▶ Task to carry out: Using the records below, transcribe exactly only the lines from the one with "Image: Bagels being" through the end, both included, and drop every picture.

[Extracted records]
● ● ●

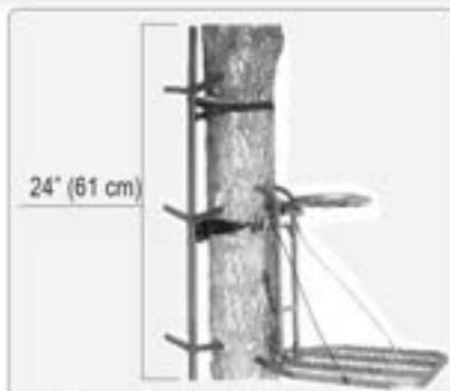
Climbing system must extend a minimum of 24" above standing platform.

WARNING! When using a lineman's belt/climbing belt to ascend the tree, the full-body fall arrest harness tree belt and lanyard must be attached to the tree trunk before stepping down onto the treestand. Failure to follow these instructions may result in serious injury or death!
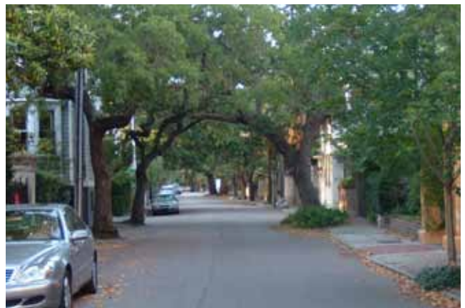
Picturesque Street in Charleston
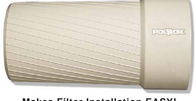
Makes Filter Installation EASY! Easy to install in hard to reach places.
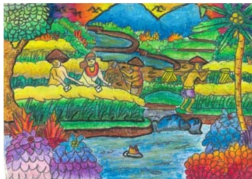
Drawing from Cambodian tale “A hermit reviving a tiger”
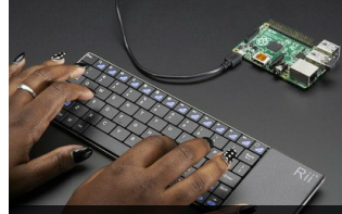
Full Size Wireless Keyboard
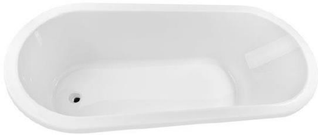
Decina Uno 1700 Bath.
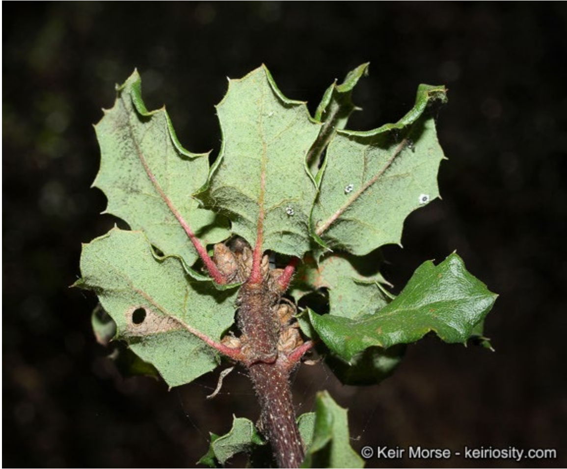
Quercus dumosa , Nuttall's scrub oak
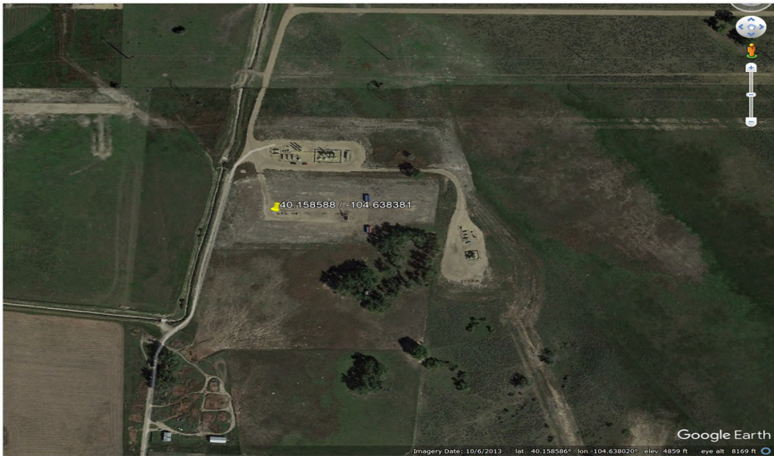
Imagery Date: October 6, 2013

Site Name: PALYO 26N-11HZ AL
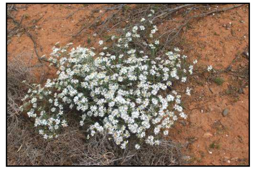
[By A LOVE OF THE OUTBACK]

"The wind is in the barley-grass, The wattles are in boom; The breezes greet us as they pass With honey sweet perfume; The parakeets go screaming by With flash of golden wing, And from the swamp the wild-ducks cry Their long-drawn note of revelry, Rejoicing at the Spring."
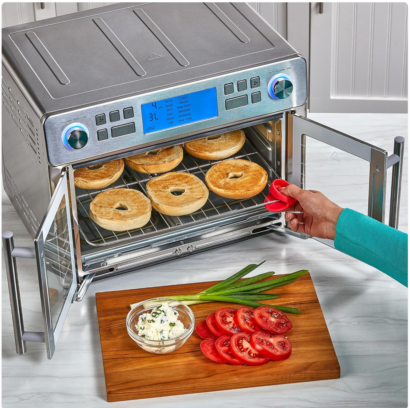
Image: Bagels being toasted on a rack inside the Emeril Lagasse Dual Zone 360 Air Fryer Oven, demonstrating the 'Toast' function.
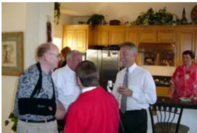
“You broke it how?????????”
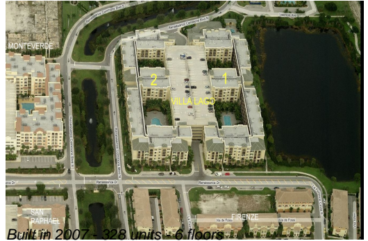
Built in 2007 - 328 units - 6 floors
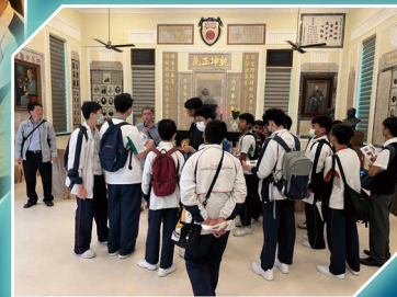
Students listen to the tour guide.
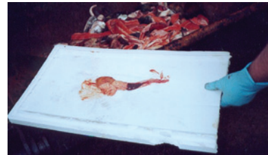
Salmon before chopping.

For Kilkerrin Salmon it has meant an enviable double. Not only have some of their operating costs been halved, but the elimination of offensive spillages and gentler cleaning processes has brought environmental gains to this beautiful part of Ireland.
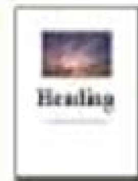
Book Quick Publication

● ● ●

▶ Result of the exercise:
Image: Bagels being toasted on a rack inside the Emeril Lagasse Dual Zone 360 Air Fryer Oven, demonstrating the 'Toast' function.
“You broke it how?????????”
Built in 2007 - 328 units - 6 floors
Students listen to the tour guide.
Salmon before chopping.

For Kilkerrin Salmon it has meant an enviable double. Not only have some of their operating costs been halved, but the elimination of offensive spillages and gentler cleaning processes has brought environmental gains to this beautiful part of Ireland.
Book Quick Publication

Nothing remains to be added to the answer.